What to do:
Out of the entries that follow, copy each line containing "jeunes".

Source material:
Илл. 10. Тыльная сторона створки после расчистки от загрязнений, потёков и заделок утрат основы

--

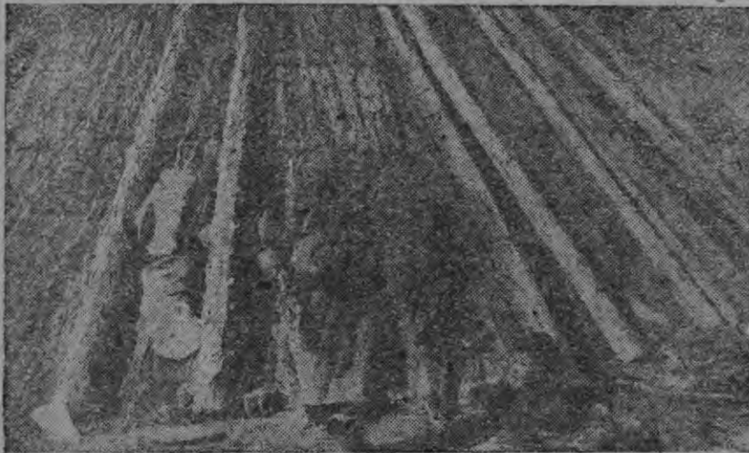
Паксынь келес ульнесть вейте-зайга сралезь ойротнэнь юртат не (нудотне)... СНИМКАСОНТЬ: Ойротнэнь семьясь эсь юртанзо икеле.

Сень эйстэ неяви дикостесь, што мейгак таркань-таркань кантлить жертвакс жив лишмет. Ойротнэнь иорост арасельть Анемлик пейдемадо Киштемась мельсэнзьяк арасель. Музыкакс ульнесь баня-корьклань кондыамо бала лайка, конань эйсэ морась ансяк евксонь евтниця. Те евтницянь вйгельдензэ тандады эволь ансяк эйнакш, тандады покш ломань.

* * *

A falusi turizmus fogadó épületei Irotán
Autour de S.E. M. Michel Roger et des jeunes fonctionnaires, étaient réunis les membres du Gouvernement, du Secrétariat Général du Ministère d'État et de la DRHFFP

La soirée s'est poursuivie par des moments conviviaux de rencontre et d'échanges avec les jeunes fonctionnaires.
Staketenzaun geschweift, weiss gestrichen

Exercise output:
Autour de S.E. M. Michel Roger et des jeunes fonctionnaires, étaient réunis les membres du Gouvernement, du Secrétariat Général du Ministère d'État et de la DRHFFP
La soirée s'est poursuivie par des moments conviviaux de rencontre et d'échanges avec les jeunes fonctionnaires.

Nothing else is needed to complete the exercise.